Done regularly, exercise strengthens your muscles and improves your heart and lung function. It can reduce your risk of major diseases, including pandemic viruses like our current Covid-19 pest. Furthermore, exercise stimulates the growth of new brain cells, and can even add years to your life, as well as life to your years.
Numerous studies in recent years show that just 30 minutes of physical activity on most days may do the following.
- Keep you young. Workouts such as brisk walking or cycling boost the amount of oxygen consumed during exercise. Improving your aerobic capacity by just 15 to 25 percent would be like shaving 10 to 20 years off your age. Aerobic exercise may also stimulate the growth of new brain cells in older adults.

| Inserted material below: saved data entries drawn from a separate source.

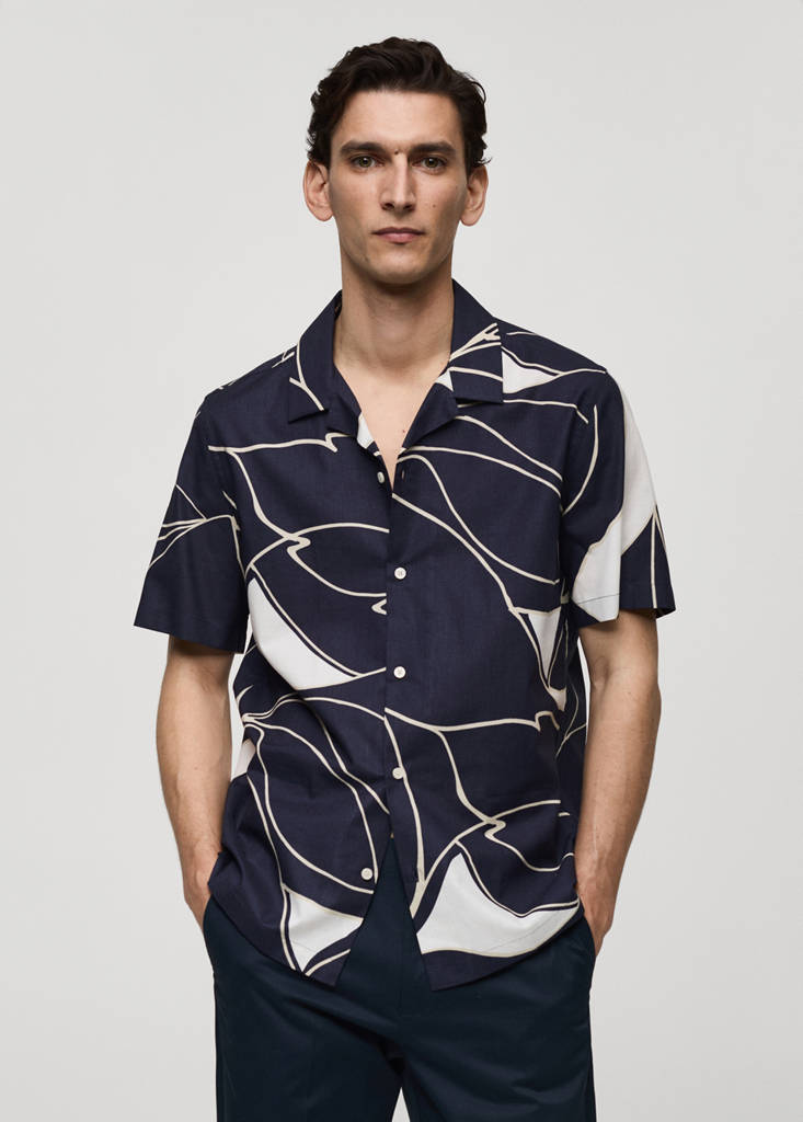 Regular fit. Bowling collar. Short sleeves. Straight hem. 100% cotton fabric. Front closure with buttons. Printed design
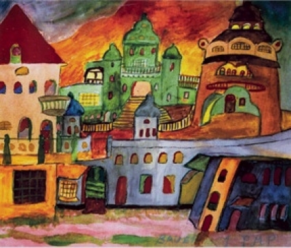 Naiv, koloristisk konst närd av ett svårförståeligt inre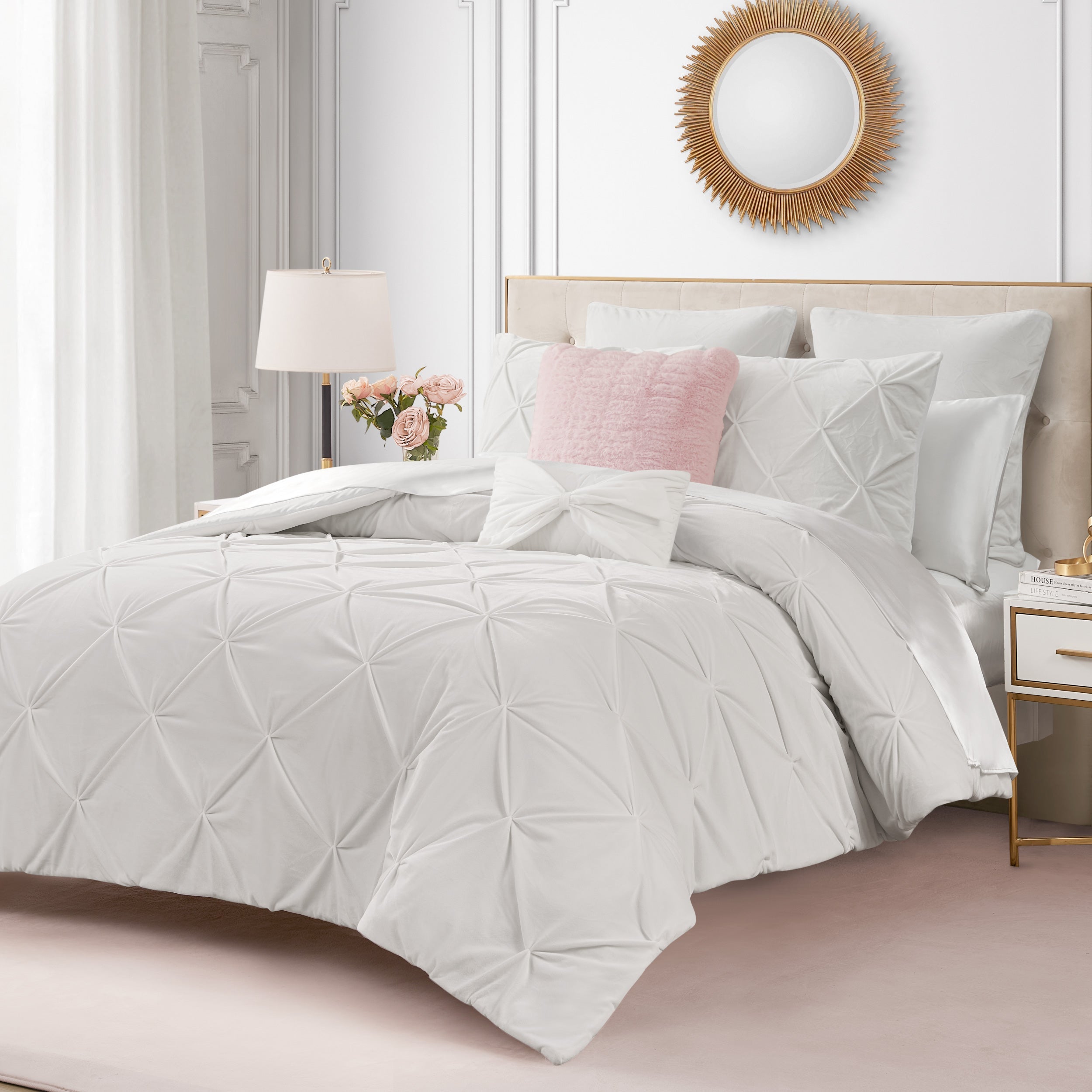 Kiss Pleat Micromink Comforter Set With Decorative Pillows

- Reduce infections. Moderate workouts temporarily rev-up the immune system by increasing the aggressiveness or capacity of immune cells That may explain why people who exercise catch fewer colds. For more on the numerous benefits of regular exercise, click here.
- Prevent heart attacks.
Cardiovascular disorders continue to bee the leading cause of death in
th developed world, and for more than 100 years has caused more deaths in
Americans than any other major cause. Not only does exercise raise “good” HDL
cholesterol and lower blood pressure, recent research shows that it reduces
arterial inflammation, another risk factor for heart attacks and strokes.
- Ease asthma. Most people with controlled asthma will
benefit from regular exercise, and it may help to reduce the need for inhalers,
making it easier to participate in
normal dailyl activities, recreational events, and competitive sports.
- Control blood sugar.
Exercise helps maintain a healthy blood-sugar level by increasing the
cells’ sensitivity to insulin and by controlling weight. Regular brisk walking can significantly cut
the risk of developing type 2 diabetes.
- Protect against cancer.
Exercise may reduce the risk of colon-cancer by speeding waste through
the gut and lowering the insulin level.
It may also protect against breast and prostate cancer by regulating
hormone levels.
- Combat stress.
Regular aerobic exercise lowers levels of stress hormones. For many people, exercise helps relieve
depression as effectively as antidepressant medication.
-Relieve hot flashes.
Increasing fitness by walking or practicing yoga enhances mood and
reduce some menopausal symptoms, such as hot flashes and night sweats.
-Protect men’s health.
Pelvic exercises help prevent erectile dysfunction and possibly benign
prostate enlargement, a con cause of urinary problems.
- Prolong life.
Studies lasting many years have consistently shown that being active
cuts the risk of premature death by about 50% for both men and women.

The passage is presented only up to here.